Amman, le 6 mai 2026, WAFA – Un sommet trilatéral réunissant la Jordanie, Chypre et la Grèce a réaffirmé que la mise en œuvre de la solution à deux États demeure « la seule voie » vers une paix juste et durable au Moyen-Orient, tout en condamnant les mesures unilatérales israéliennes dans les territoires palestiniens occupés.
Dans une déclaration conjointe publiée à l’issue de la cinquième réunion trilatérale tenue mercredi dans la capitale jordanienne, le roi de Jordanie Abdallah II, le président chypriote Nikos Christodoulides et le Premier ministre grec Kyriakos Mitsotakis ont souligné que l’établissement d’un État palestinien indépendant et souverain, vivant en paix et en sécurité aux côtés d’Israël, conformément au droit international et aux résolutions pertinentes du Conseil de sécurité, constitue la base indispensable d’un règlement durable.
Les dirigeants ont fermement dénoncé les politiques israéliennes unilatérales « illégales » en Cisjordanie occupée, y compris à Jérusalem-Est, estimant qu’elles compromettent directement la viabilité de la solution à deux États.

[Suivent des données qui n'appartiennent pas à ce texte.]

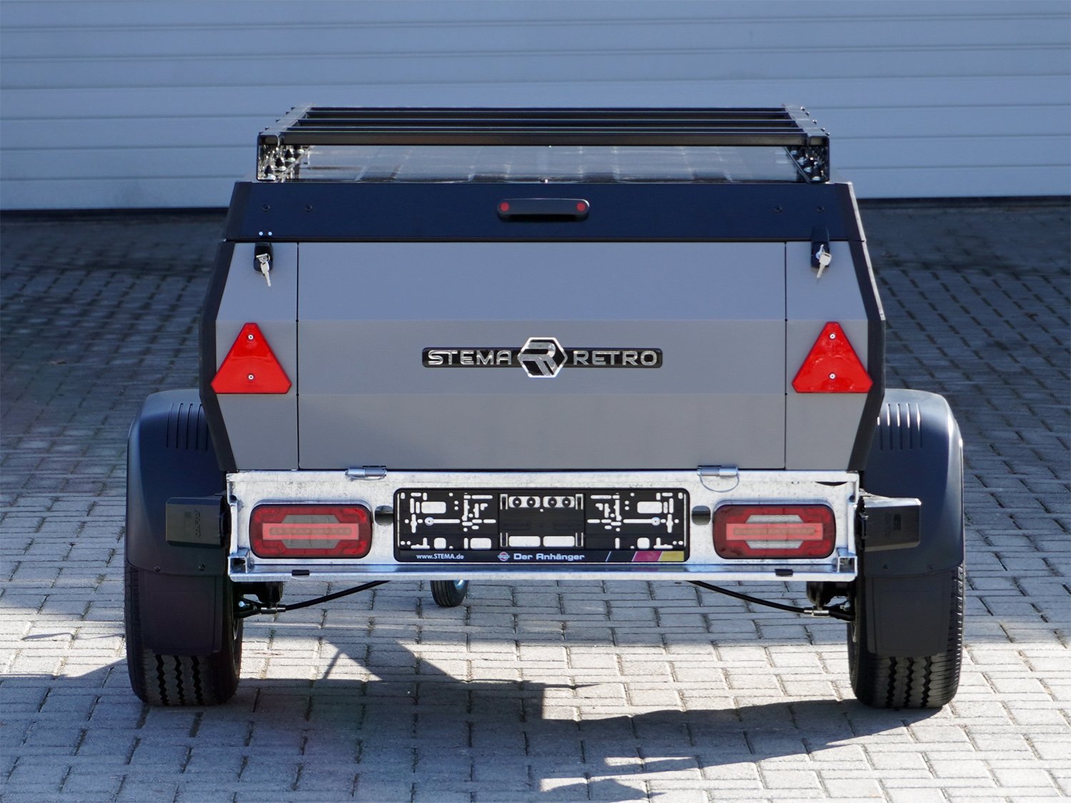 - Inklusive Garagenständer zum platzsparenden Aufstellen des Anhängers
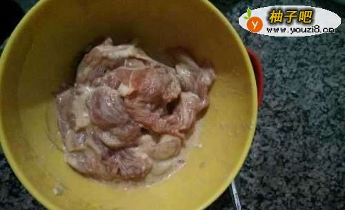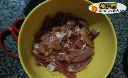 将瘦肉洗净切片,加入料酒和生抽,腌制十分钟;
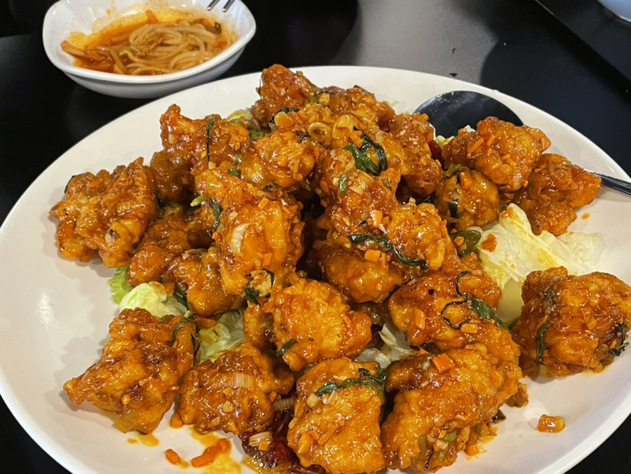 깐풍기 매콤하면서 느끼하지 않고 맛있습니다. 어른들 추천 메뉴입니다. 깐풍기에 연태고량주 추천입니다~!!
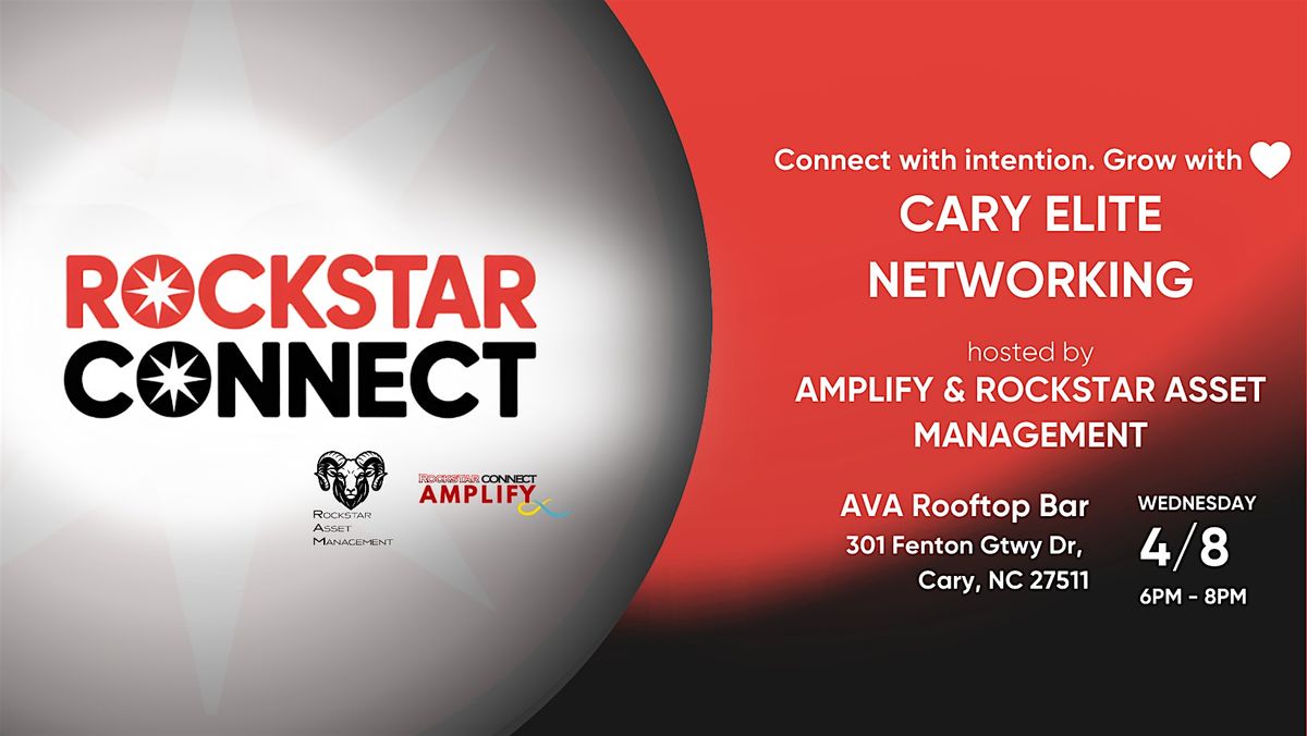 Join Rockstar Connect Amplify & Rockstar Connect Asset Management for an evening of meaningful connection on Wednesday, April 8, 2026, from 6 PM to 8 PM at AVA Rooftop Bar Cary.
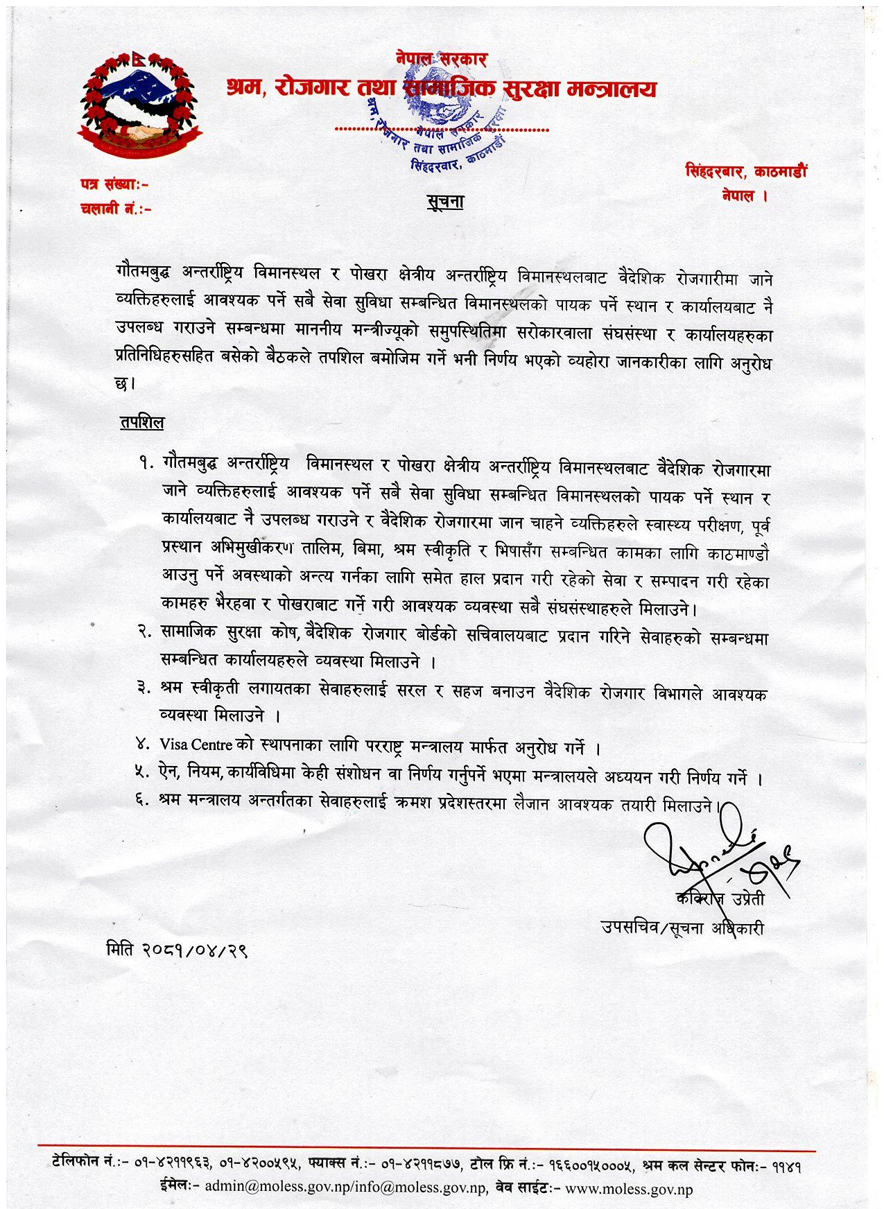 मन्त्रालयका उपसचिव एवं सूचना अधिकारी कविराज उप्रेतीले सूचना जारी गर्दै गौतमबुद्ध अन्तर्राष्ट्रिय विमानस्थल र पोखरा क्षेत्रीय अन्तर्राष्ट्रिय विमानस्थलबाट वैदेशिक रोजगारमा जाने व्यक्तिलाई आवश्यक पर्ने सबै सेवासुविधा सम्बन्धित विमानस्थलको पायक पर्ने स्थान र कार्यालयबाटै उपलब्ध गराइने बताए।
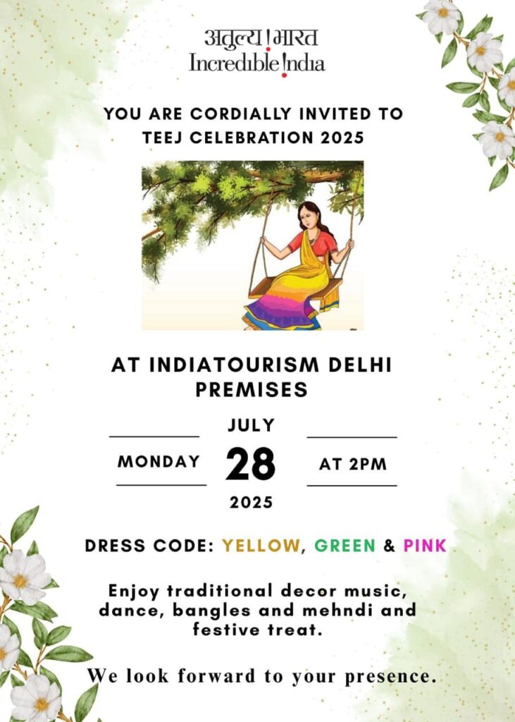 New Delhi| पर्यटन मंत्रालय के तहत इंडियाटूरिज्म दिल्ली 28 जुलाई 2025 को जीवंत और सांस्कृतिक रूप से समृद्ध तीज महोत्सव के भव्य आयोजन की घोषणा की है। यह कार्यक्रम 88 जनपथ, नई दिल्ली स्थित इंडियाटूरिज्म कार्यालय में आयोजित किया जाएगा, जिसमें भारतीय विरासत के रंगों, परंपराओं और भावना को प्रदर्शित किया जाएगा।
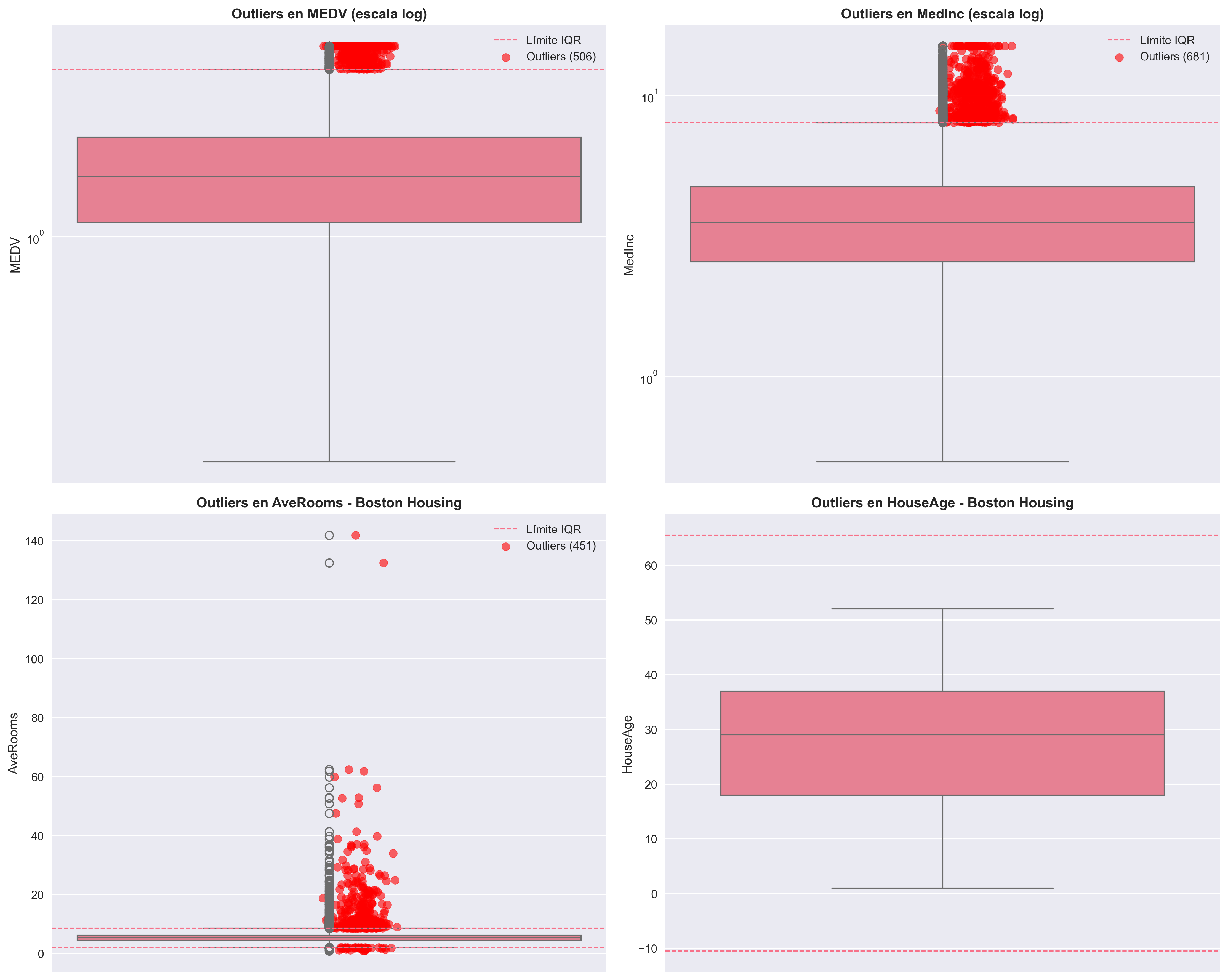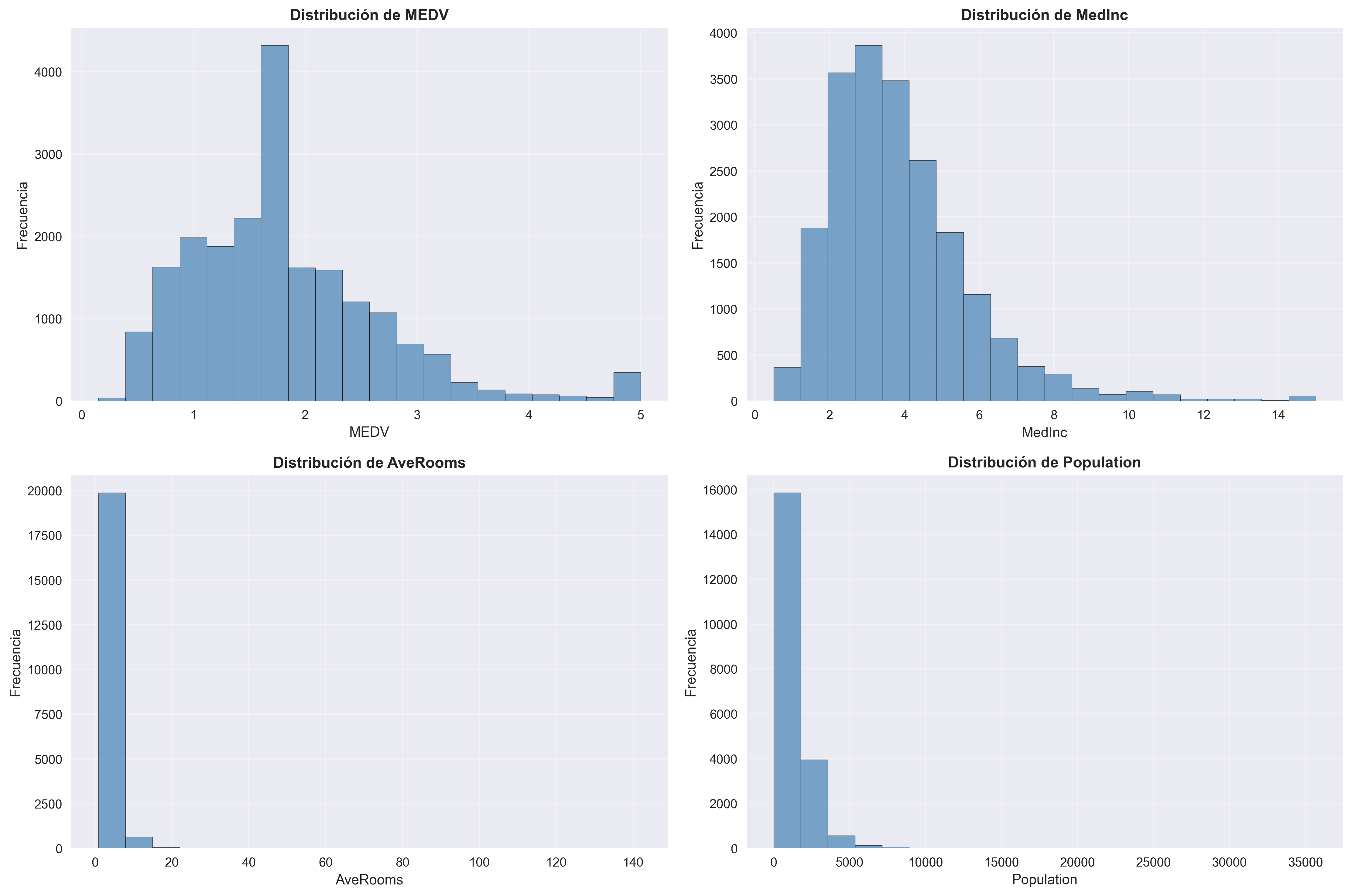 Variables con más outliers: - MedInc: Ingreso mediano (distribución altamente sesgada) - MEDV: Precio de viviendas (valores extremos en ambos extremos) - Population: Población (concentración en ciertas áreas)

Ils ont également réitéré le caractère illégal des colonies israéliennes dans les territoires palestiniens occupés, appelant à un arrêt total de l’expansion coloniale, à la cessation des confiscations de terres et à la fin des violences croissantes des colons contre les Palestiniens.
Le communiqué rejette en outre toute tentative d’annexion de tout ou partie de la Cisjordanie, ainsi que tout projet de déplacement forcé de la population palestinienne.
Concernant Jérusalem, les trois pays ont insisté sur la nécessité de préserver le statu quo historique et juridique des lieux saints musulmans et chrétiens, et de garantir un accès sûr aux fidèles. Chypre et la Grèce ont, à cet égard, exprimé leur soutien à la tutelle hachémite sur ces lieux saints.
Sur la situation à Gaza, la déclaration appelle à la mise en œuvre intégrale du plan global proposé par le président américain Donald Trump, ainsi que de la résolution 2803 du Conseil de sécurité, afin de mettre fin à la grave crise humanitaire, de créer les conditions propices au relèvement rapide et à la reconstruction, et d’ouvrir une perspective crédible pour l’autodétermination des Palestiniens.
Les signataires ont également insisté sur la nécessité d’assurer un acheminement suffisant, sûr et sans entraves de l’aide humanitaire vers la bande de Gaza.
Enfin, ils ont souligné le rôle essentiel de l’Office de secours et de travaux des Nations unies pour les réfugiés de Palestine (UNRWA), appelant à garantir la poursuite de ses activités conformément à son mandat onusien, notamment par un financement adéquat et durable, tout en condamnant toute mesure visant à entraver son action ou à limiter sa capacité opérationnelle.